Directions for this task: Output the complete listing. Match it exactly.

Dataset records:
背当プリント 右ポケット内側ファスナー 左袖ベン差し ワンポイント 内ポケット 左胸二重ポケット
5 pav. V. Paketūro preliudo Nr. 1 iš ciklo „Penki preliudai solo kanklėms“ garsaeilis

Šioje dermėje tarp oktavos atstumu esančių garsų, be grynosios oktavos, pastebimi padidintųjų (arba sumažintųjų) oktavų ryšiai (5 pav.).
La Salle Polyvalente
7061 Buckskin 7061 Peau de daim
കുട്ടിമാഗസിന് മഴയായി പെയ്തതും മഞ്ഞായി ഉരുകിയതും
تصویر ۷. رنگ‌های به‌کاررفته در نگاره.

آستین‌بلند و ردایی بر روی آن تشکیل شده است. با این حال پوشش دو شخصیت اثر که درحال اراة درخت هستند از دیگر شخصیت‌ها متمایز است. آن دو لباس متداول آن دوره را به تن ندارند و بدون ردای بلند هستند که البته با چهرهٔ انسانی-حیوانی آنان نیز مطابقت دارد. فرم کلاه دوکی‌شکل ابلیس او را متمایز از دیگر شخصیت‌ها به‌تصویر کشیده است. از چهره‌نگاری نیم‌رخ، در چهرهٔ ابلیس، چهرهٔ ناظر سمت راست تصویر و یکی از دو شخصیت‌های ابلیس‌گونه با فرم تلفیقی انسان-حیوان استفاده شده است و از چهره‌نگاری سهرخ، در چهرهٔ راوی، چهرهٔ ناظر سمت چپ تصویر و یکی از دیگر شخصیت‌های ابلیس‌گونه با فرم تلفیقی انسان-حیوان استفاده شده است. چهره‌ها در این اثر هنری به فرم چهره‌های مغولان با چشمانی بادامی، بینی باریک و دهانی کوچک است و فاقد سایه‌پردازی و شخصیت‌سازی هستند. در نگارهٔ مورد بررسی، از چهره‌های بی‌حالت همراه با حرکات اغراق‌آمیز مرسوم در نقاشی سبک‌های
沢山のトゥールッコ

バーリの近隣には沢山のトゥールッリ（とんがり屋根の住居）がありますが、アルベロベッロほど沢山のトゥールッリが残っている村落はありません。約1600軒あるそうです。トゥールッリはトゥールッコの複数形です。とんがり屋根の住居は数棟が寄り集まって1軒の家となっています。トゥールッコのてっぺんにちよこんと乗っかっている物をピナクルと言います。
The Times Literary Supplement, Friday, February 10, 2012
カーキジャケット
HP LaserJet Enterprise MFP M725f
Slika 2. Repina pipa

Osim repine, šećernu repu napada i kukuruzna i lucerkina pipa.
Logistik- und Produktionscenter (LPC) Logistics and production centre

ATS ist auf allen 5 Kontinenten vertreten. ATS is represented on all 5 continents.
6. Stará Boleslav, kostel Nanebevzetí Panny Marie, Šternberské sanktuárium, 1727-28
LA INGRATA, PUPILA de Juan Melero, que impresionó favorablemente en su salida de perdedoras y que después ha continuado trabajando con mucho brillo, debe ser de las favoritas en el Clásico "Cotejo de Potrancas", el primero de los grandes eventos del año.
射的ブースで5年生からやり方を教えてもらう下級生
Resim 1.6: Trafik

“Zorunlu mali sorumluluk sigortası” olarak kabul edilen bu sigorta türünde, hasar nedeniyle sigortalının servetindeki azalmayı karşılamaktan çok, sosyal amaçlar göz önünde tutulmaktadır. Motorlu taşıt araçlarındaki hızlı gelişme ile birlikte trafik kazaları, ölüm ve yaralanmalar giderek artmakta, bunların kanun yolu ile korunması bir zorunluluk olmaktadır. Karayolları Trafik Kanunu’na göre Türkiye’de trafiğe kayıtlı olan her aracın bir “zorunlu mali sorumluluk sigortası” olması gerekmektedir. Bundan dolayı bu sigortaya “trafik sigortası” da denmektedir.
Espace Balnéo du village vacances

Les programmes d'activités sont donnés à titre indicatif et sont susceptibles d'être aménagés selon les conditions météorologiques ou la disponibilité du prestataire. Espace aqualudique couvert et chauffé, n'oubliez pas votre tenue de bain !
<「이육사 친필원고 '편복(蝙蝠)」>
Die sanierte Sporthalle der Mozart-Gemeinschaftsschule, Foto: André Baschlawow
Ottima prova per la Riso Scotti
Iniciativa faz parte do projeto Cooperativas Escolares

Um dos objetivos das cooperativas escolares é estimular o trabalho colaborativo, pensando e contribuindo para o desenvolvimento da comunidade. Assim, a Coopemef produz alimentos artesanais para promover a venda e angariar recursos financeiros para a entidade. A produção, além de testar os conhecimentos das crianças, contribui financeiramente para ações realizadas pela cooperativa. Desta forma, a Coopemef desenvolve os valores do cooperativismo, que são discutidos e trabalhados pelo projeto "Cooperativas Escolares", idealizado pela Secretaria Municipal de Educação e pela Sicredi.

Result of this exercise:
背当プリント 右ポケット内側ファスナー 左袖ベン差し ワンポイント 内ポケット 左胸二重ポケット
5 pav. V. Paketūro preliudo Nr. 1 iš ciklo „Penki preliudai solo kanklėms“ garsaeilis

Šioje dermėje tarp oktavos atstumu esančių garsų, be grynosios oktavos, pastebimi padidintųjų (arba sumažintųjų) oktavų ryšiai (5 pav.).
La Salle Polyvalente
7061 Buckskin 7061 Peau de daim
കുട്ടിമാഗസിന് മഴയായി പെയ്തതും മഞ്ഞായി ഉരുകിയതും
تصویر ۷. رنگ‌های به‌کاررفته در نگاره.

آستین‌بلند و ردایی بر روی آن تشکیل شده است. با این حال پوشش دو شخصیت اثر که درحال اراة درخت هستند از دیگر شخصیت‌ها متمایز است. آن دو لباس متداول آن دوره را به تن ندارند و بدون ردای بلند هستند که البته با چهرهٔ انسانی-حیوانی آنان نیز مطابقت دارد. فرم کلاه دوکی‌شکل ابلیس او را متمایز از دیگر شخصیت‌ها به‌تصویر کشیده است. از چهره‌نگاری نیم‌رخ، در چهرهٔ ابلیس، چهرهٔ ناظر سمت راست تصویر و یکی از دو شخصیت‌های ابلیس‌گونه با فرم تلفیقی انسان-حیوان استفاده شده است و از چهره‌نگاری سهرخ، در چهرهٔ راوی، چهرهٔ ناظر سمت چپ تصویر و یکی از دیگر شخصیت‌های ابلیس‌گونه با فرم تلفیقی انسان-حیوان استفاده شده است. چهره‌ها در این اثر هنری به فرم چهره‌های مغولان با چشمانی بادامی، بینی باریک و دهانی کوچک است و فاقد سایه‌پردازی و شخصیت‌سازی هستند. در نگارهٔ مورد بررسی، از چهره‌های بی‌حالت همراه با حرکات اغراق‌آمیز مرسوم در نقاشی سبک‌های
沢山のトゥールッコ

バーリの近隣には沢山のトゥールッリ（とんがり屋根の住居）がありますが、アルベロベッロほど沢山のトゥールッリが残っている村落はありません。約1600軒あるそうです。トゥールッリはトゥールッコの複数形です。とんがり屋根の住居は数棟が寄り集まって1軒の家となっています。トゥールッコのてっぺんにちよこんと乗っかっている物をピナクルと言います。
The Times Literary Supplement, Friday, February 10, 2012
カーキジャケット
HP LaserJet Enterprise MFP M725f
Slika 2. Repina pipa

Osim repine, šećernu repu napada i kukuruzna i lucerkina pipa.
Logistik- und Produktionscenter (LPC) Logistics and production centre

ATS ist auf allen 5 Kontinenten vertreten. ATS is represented on all 5 continents.
6. Stará Boleslav, kostel Nanebevzetí Panny Marie, Šternberské sanktuárium, 1727-28
LA INGRATA, PUPILA de Juan Melero, que impresionó favorablemente en su salida de perdedoras y que después ha continuado trabajando con mucho brillo, debe ser de las favoritas en el Clásico "Cotejo de Potrancas", el primero de los grandes eventos del año.
射的ブースで5年生からやり方を教えてもらう下級生
Resim 1.6: Trafik

“Zorunlu mali sorumluluk sigortası” olarak kabul edilen bu sigorta türünde, hasar nedeniyle sigortalının servetindeki azalmayı karşılamaktan çok, sosyal amaçlar göz önünde tutulmaktadır. Motorlu taşıt araçlarındaki hızlı gelişme ile birlikte trafik kazaları, ölüm ve yaralanmalar giderek artmakta, bunların kanun yolu ile korunması bir zorunluluk olmaktadır. Karayolları Trafik Kanunu’na göre Türkiye’de trafiğe kayıtlı olan her aracın bir “zorunlu mali sorumluluk sigortası” olması gerekmektedir. Bundan dolayı bu sigortaya “trafik sigortası” da denmektedir.
Espace Balnéo du village vacances

Les programmes d'activités sont donnés à titre indicatif et sont susceptibles d'être aménagés selon les conditions météorologiques ou la disponibilité du prestataire. Espace aqualudique couvert et chauffé, n'oubliez pas votre tenue de bain !
<「이육사 친필원고 '편복(蝙蝠)」>
Die sanierte Sporthalle der Mozart-Gemeinschaftsschule, Foto: André Baschlawow
Ottima prova per la Riso Scotti
Iniciativa faz parte do projeto Cooperativas Escolares

Um dos objetivos das cooperativas escolares é estimular o trabalho colaborativo, pensando e contribuindo para o desenvolvimento da comunidade. Assim, a Coopemef produz alimentos artesanais para promover a venda e angariar recursos financeiros para a entidade. A produção, além de testar os conhecimentos das crianças, contribui financeiramente para ações realizadas pela cooperativa. Desta forma, a Coopemef desenvolve os valores do cooperativismo, que são discutidos e trabalhados pelo projeto "Cooperativas Escolares", idealizado pela Secretaria Municipal de Educação e pela Sicredi.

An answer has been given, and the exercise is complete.